Affaire de la ricine,  un complot qui n’a jamais existé
Comme le Sun, d’autres journaux britanniques décrivent allègrement l’Algérie comme une base arrière d’Al-Qaïda en Afrique du Nord. Scotland Yard et le MI5 (services de renseignements) ont découvert l’existence de terroristes algériens, au lendemain des attaques kamikazes aux États-Unis. Après avoir donné refuge pendant des années durant à des militants de l’ex-FIS, les forces de sécurité les pourchassent sans distinction. Des innocents sont arrêtés en même temps que des activistes dangereux.
En 2003, un groupe d’Algériens est interpellé suite à des révélations sur la préparation d’attaques chimiques dans le métro londonien. Le fameux complot de la ricine, du nom du poison qui devait être utilisé, fait l’effet d’une bombe. La presse annonce la découverte d’un laboratoire de la mort à Wood Green, au nord de Londres.
Mais sur place, les enquêteurs ne trouvent aucune trace du poison.

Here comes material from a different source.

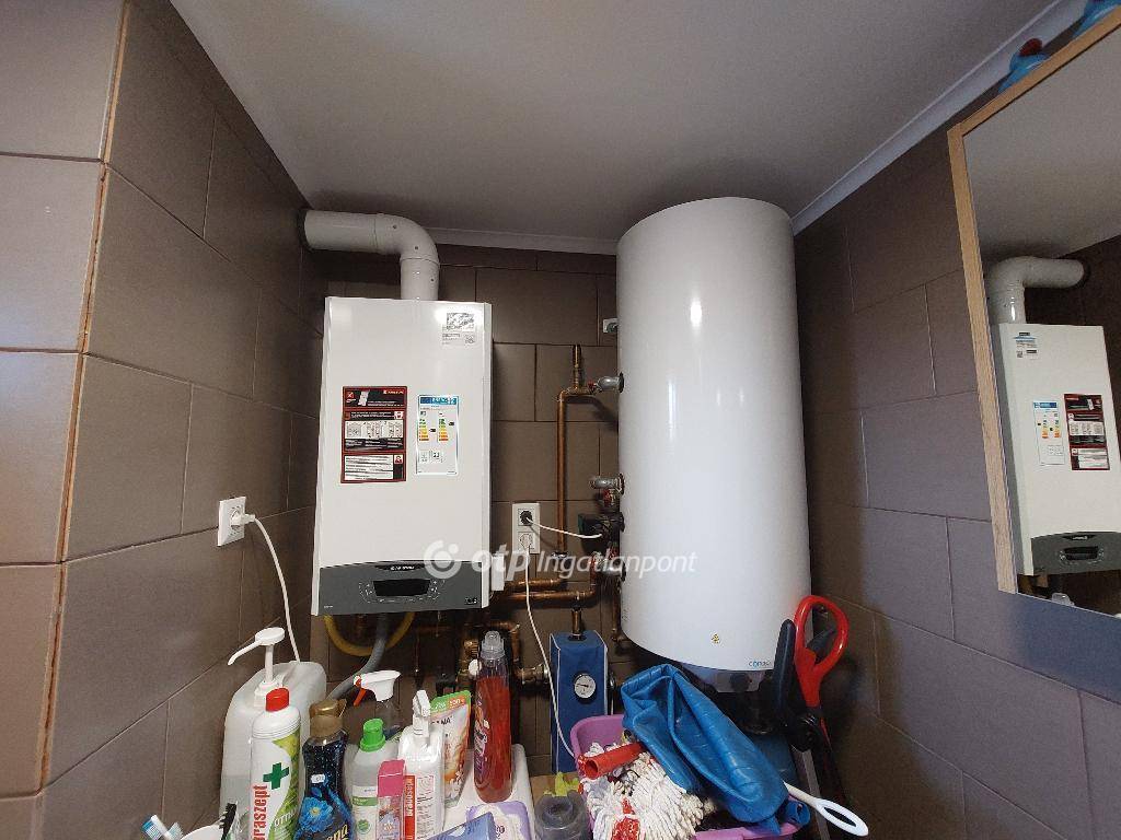 Az otthon melegét gázkazán + indirekt bojler biztosítja, radiátoros hőleadással, korszerű, energiatakarékos megoldást nyújtva.
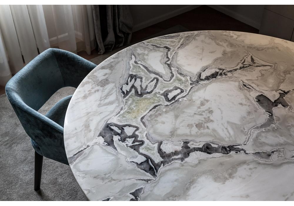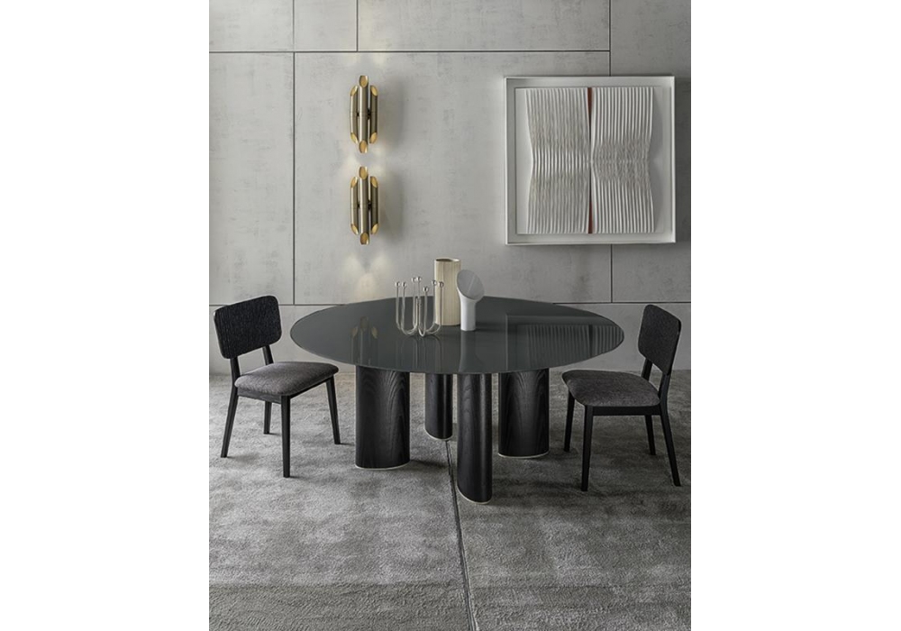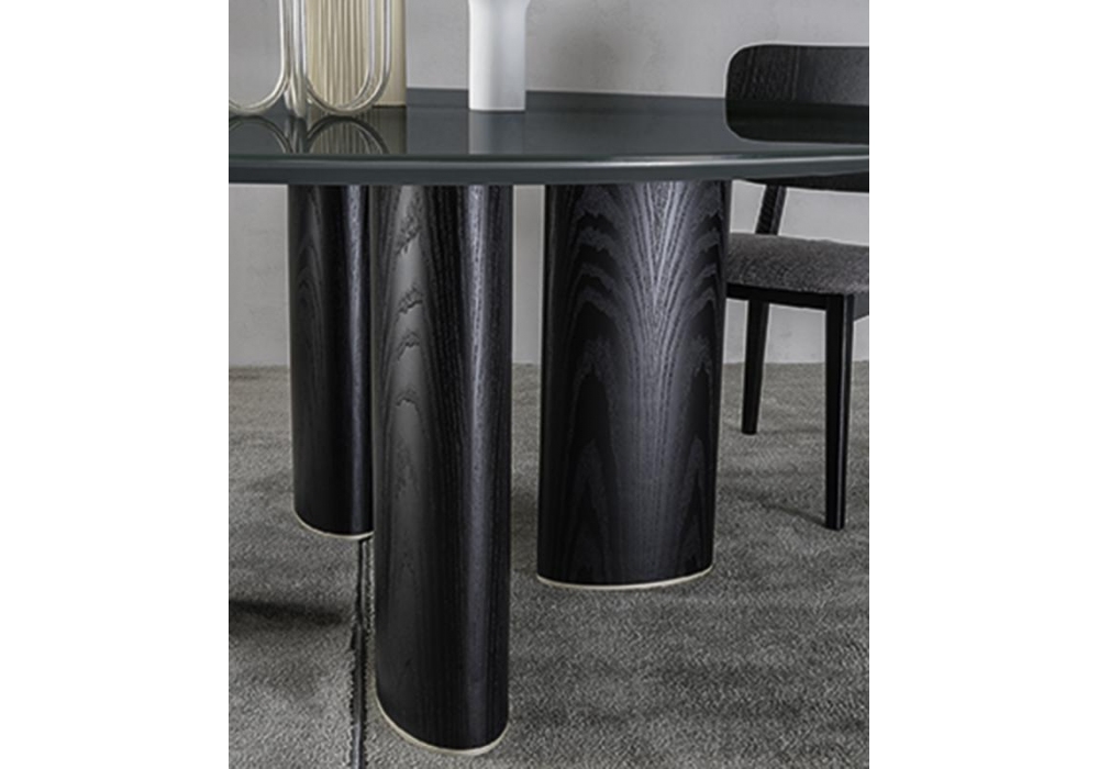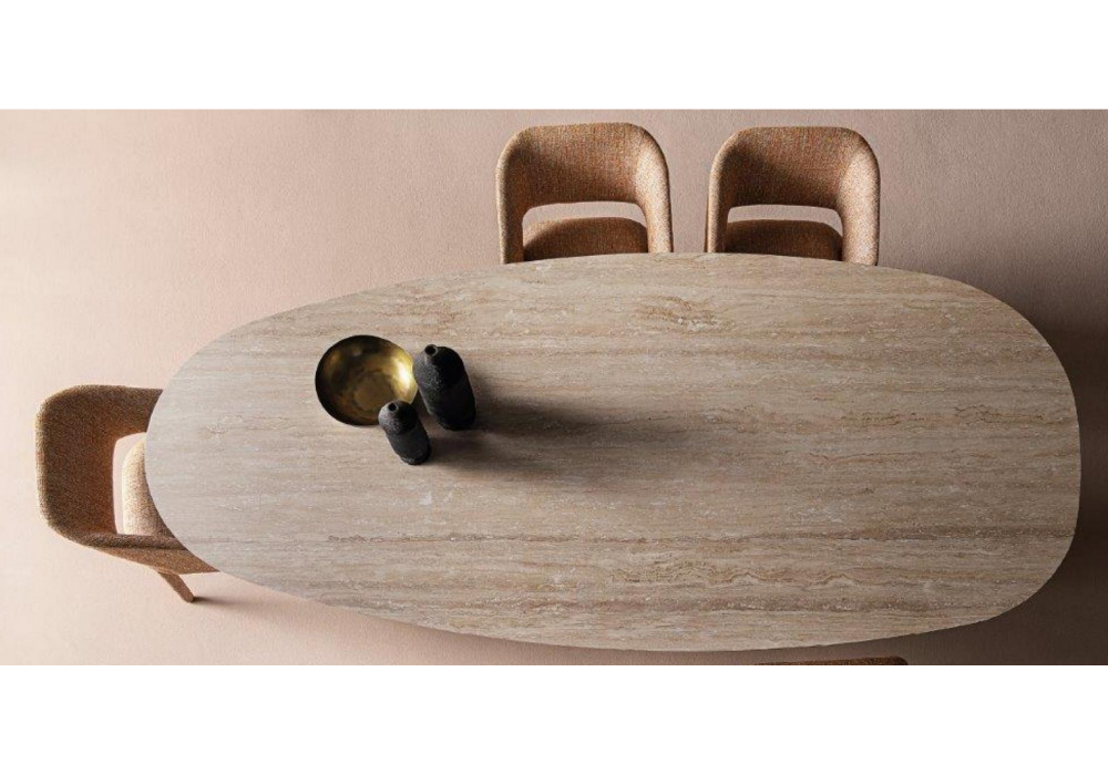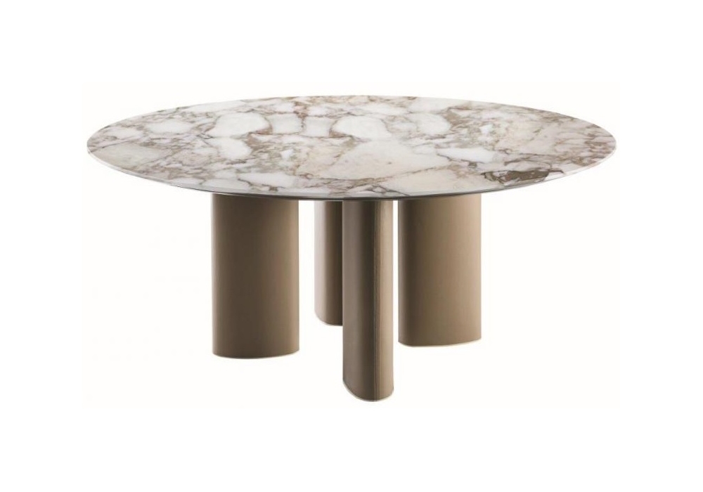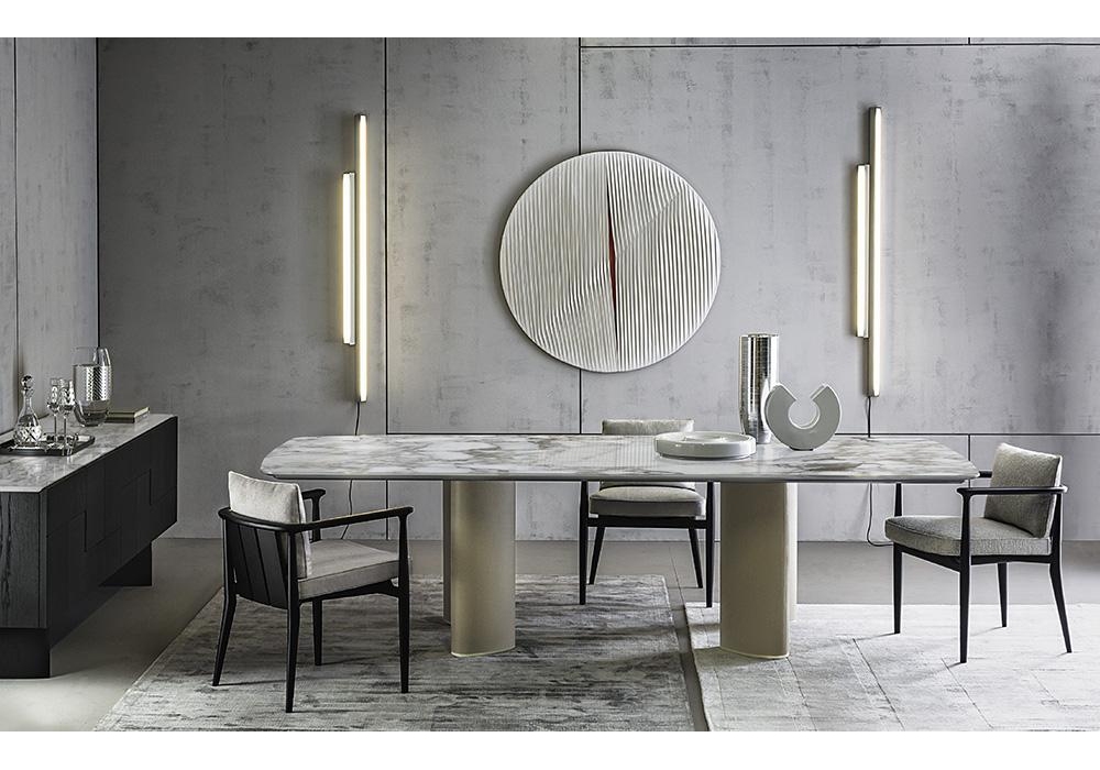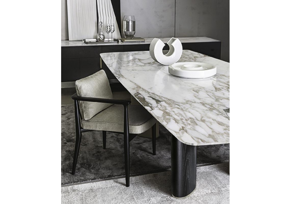 Arne, von Roberto Lazzeroni für Casamilano entworfen, ist ein Tisch mit einer Platte aus Marmor und einer Unterplatte aus lackiertem MDF. Die ovalen Beine sind mit Leder bezogen, lackiert oder mit geflammter Esche.

Un des suspects, Kamel Bourguass, tue un policier au moment de son arrestation. Il est condamné à la réclusion à vie. Les autres accusés sont relaxés. Pendant deux ans, les autorités britanniques imposent un embargo sur l’affaire.
En 2005, le public apprend, stupéfait, que l’attentat à la ricine n’a jamais existé. Révulsés, des journalistes ont accusé les autorités britanniques d’avoir entretenu le suspense pour justifier l’intervention militaire en Irak.
À l’époque des faits, Collin Powell, ex-secrétaire américain à la Défense, avait affirmé que le laboratoire de la mort était mis en place sur ordre des chefs d’Al-Qaïda.
Un Algérien, Mouloud Sihali, faisait partie des personnes arrêtées pour son implication prétendue dans le complot de la ricine. Cinq mois après son acquittement, la police l’interpelle à nouveau, sous prétexte qu’il constitue une menace pour la sécurité du pays. Il est emprisonné à Belmarch puis mis en résidence surveillée dans l’attente de son extradition en Algérie.
D’autres compatriotes accusés à tort de terrorisme ont connu un sort identique. Belmarch retient sans doute les noms de dizaines d’Algériens qui se sont retrouvés dans ses murs alors qu’ils n’ont commis aucun crime. Dans leur cas, les origines étaient des pièces à charge suffisantes.